* [Dataset excerpts]:
☆ ☆ ☆ ☆ ☆ ☆ ☆

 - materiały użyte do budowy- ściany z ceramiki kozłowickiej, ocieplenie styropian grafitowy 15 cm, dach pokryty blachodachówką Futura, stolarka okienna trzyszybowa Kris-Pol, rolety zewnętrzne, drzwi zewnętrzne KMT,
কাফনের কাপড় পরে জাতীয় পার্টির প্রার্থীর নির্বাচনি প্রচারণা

☆ ☆ ☆ ☆ ☆ ☆ ☆

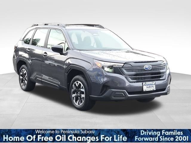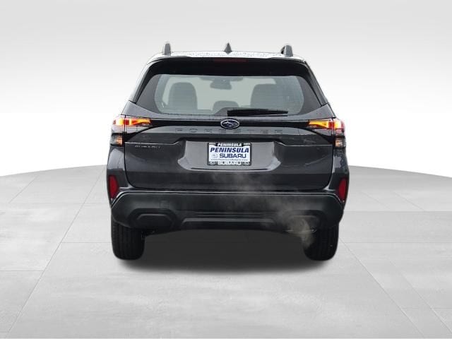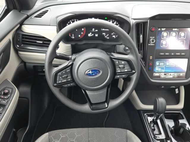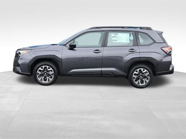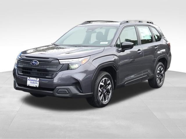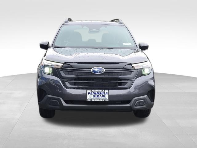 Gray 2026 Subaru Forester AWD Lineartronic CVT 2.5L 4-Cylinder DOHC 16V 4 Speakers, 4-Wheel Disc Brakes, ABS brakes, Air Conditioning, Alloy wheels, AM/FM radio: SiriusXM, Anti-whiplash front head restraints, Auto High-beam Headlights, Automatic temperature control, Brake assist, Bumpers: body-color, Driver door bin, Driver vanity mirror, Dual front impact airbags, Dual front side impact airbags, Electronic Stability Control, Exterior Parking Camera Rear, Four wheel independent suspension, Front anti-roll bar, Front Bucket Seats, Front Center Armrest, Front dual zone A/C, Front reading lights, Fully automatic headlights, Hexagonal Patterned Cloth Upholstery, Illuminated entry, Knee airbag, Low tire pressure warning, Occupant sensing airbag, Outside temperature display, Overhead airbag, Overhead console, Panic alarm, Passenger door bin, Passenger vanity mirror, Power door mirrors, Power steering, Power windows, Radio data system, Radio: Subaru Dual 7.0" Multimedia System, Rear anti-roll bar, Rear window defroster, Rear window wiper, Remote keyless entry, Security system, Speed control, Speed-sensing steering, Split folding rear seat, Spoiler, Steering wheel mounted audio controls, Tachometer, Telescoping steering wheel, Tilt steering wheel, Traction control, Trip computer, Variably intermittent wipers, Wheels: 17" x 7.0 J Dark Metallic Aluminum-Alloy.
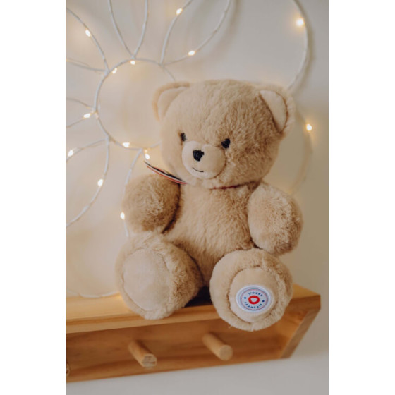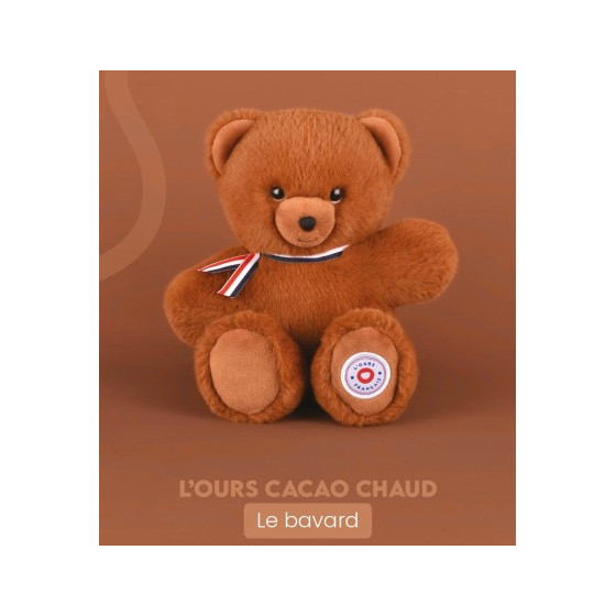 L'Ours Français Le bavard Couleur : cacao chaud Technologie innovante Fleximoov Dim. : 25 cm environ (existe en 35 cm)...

☆ ☆ ☆ ☆ ☆ ☆ ☆

* [Work to be completed]:
Given the data above, transcribe exactly the lines from the one containing "- materiały użyte" down to the one containing "কাফনের কাপড় পরে", and no others.

* [Response to the task]:
 - materiały użyte do budowy- ściany z ceramiki kozłowickiej, ocieplenie styropian grafitowy 15 cm, dach pokryty blachodachówką Futura, stolarka okienna trzyszybowa Kris-Pol, rolety zewnętrzne, drzwi zewnętrzne KMT,
কাফনের কাপড় পরে জাতীয় পার্টির প্রার্থীর নির্বাচনি প্রচারণা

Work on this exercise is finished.